§ **Dataset content**
[Start of section]
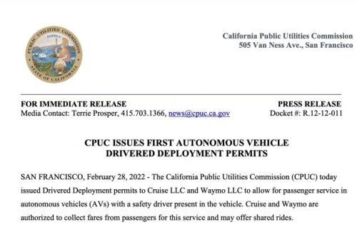 2月28日,加州公共事业委员会(CPUC)给Cruise和Waymo颁发配备安全员并付费自动驾驶服务牌照:Cruise可在旧金山部分公开道路晚10点到早6点提供付费自动驾驶服务,速度不超过30 mph;Waymo可在旧金山和San Mateo郡指定区域任何时候提供付费自动驾驶服务,速度不超过65 mph。这是Cruise也是自动驾驶又一个里程碑。
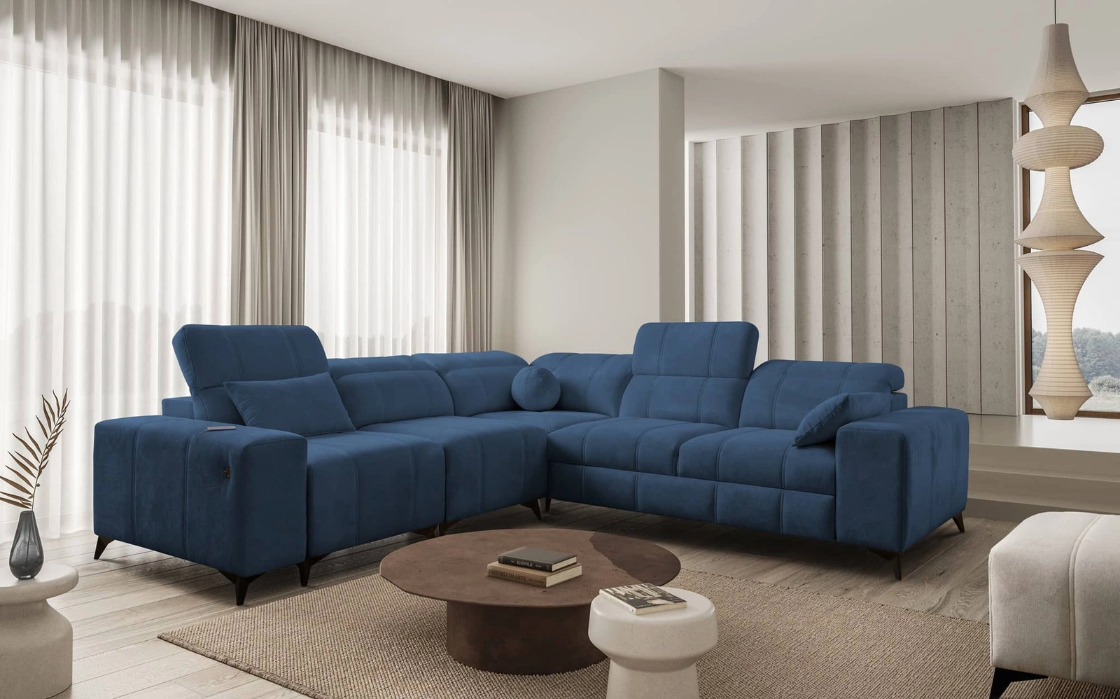 Narożnik Penejos III w kolorze niebieskim z regulowanymi zagłówkami to zachwycający mebel z gwarancją najwyższego komfortu i funkcjonalności.
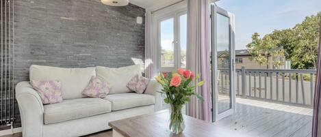 Spacious lodge with one king-size four poster and one double both with stylish en suite shower and two twin. Large bathroom with bath and overhead shower. Contemporary open-plan living space including solid wood floors and a rustic electric woodburner in the lounge, modern kitchen, breakfast bar and spacious dining area. Patio doors leading to a spacious decking area perfect for al fresco dining with outdoor hot tub. Ideal for a relaxing break with large families or large groups. Pets allowed in selected accommodation only.
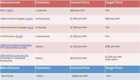 Lowest Cost:Advanced energy storage systems provide power dense solutions with extended cycle life which, together, equate to very cost conscious solutions for most applications in the electric vehicle and grid management market segments. We believe that, in our products, advanced energy storage systems can cost much less than legacy lead acid technologies over the course of device operation.
[End of section]
§ **Prompt**
Output all of the data exactly as it stands, minus any images.

§ **Solved problem**
 2月28日,加州公共事业委员会(CPUC)给Cruise和Waymo颁发配备安全员并付费自动驾驶服务牌照:Cruise可在旧金山部分公开道路晚10点到早6点提供付费自动驾驶服务,速度不超过30 mph;Waymo可在旧金山和San Mateo郡指定区域任何时候提供付费自动驾驶服务,速度不超过65 mph。这是Cruise也是自动驾驶又一个里程碑。
 Narożnik Penejos III w kolorze niebieskim z regulowanymi zagłówkami to zachwycający mebel z gwarancją najwyższego komfortu i funkcjonalności.
 Spacious lodge with one king-size four poster and one double both with stylish en suite shower and two twin. Large bathroom with bath and overhead shower. Contemporary open-plan living space including solid wood floors and a rustic electric woodburner in the lounge, modern kitchen, breakfast bar and spacious dining area. Patio doors leading to a spacious decking area perfect for al fresco dining with outdoor hot tub. Ideal for a relaxing break with large families or large groups. Pets allowed in selected accommodation only.
 Lowest Cost:Advanced energy storage systems provide power dense solutions with extended cycle life which, together, equate to very cost conscious solutions for most applications in the electric vehicle and grid management market segments. We believe that, in our products, advanced energy storage systems can cost much less than legacy lead acid technologies over the course of device operation.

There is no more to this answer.